#### Information provided ####

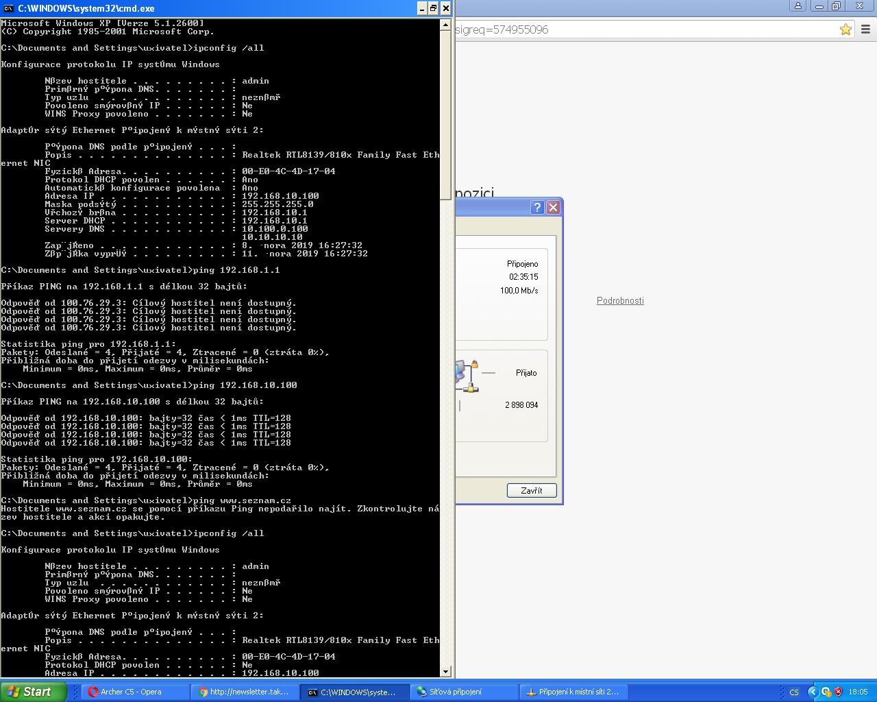 - zkontroluj pomocí ipconfig přidělenou IP adresu (měla by být 192.168.10.1xx)
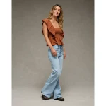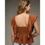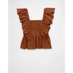 AE Sunchaser Knit Flutter Sleeve Babydoll Shirt – Amber Brown
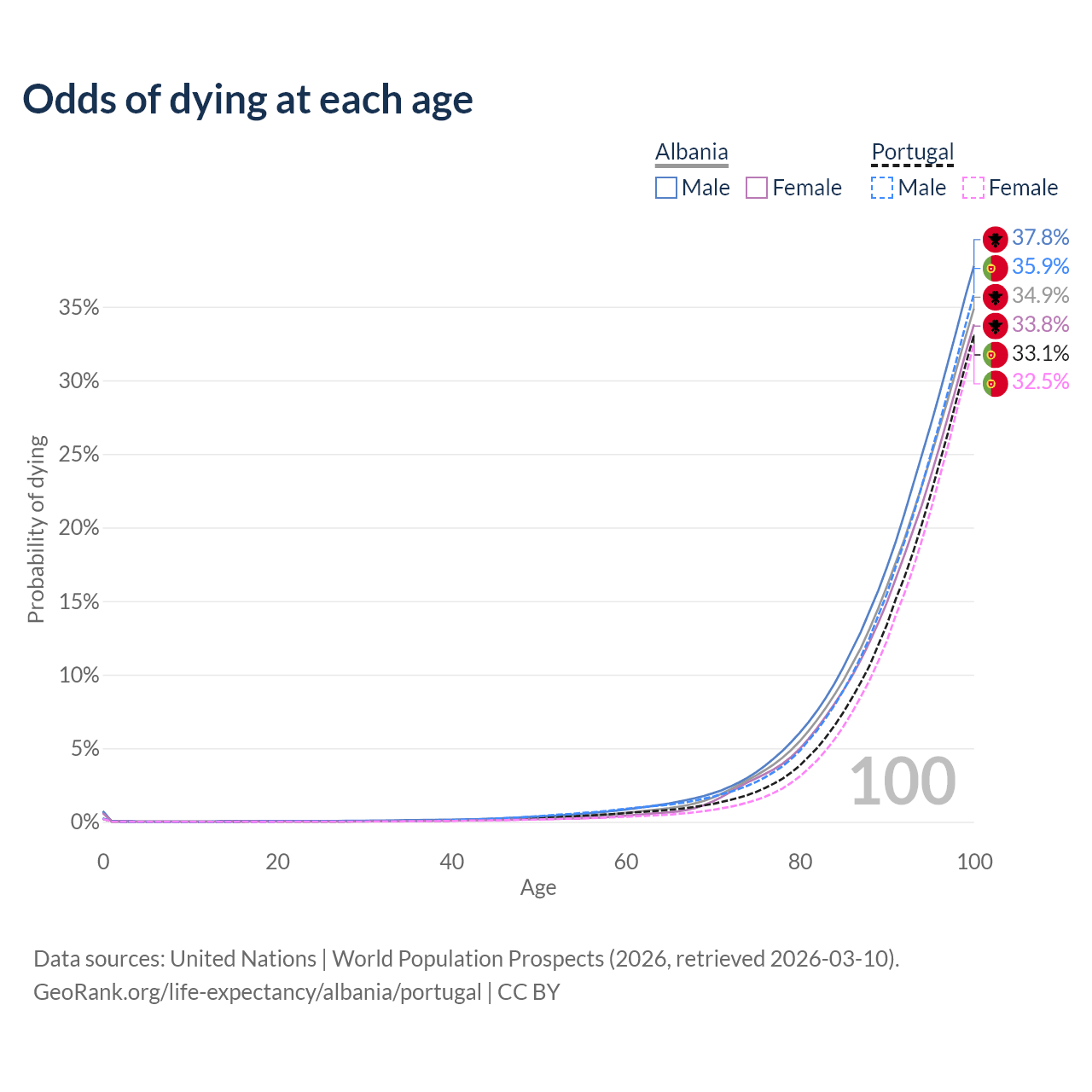 This life expectancy calculator shows the odds of living to 100, 95, 90, and below based on current age for both males and females in Albania and Portugal, along with mean and median age of death. The calculations are based on the 2026 life tables (actuarial tables) from the UN World Population Prospects.

####

Transcribe the material exactly, leaving every picture out.

 - zkontroluj pomocí ipconfig přidělenou IP adresu (měla by být 192.168.10.1xx)
 AE Sunchaser Knit Flutter Sleeve Babydoll Shirt – Amber Brown
 This life expectancy calculator shows the odds of living to 100, 95, 90, and below based on current age for both males and females in Albania and Portugal, along with mean and median age of death. The calculations are based on the 2026 life tables (actuarial tables) from the UN World Population Prospects.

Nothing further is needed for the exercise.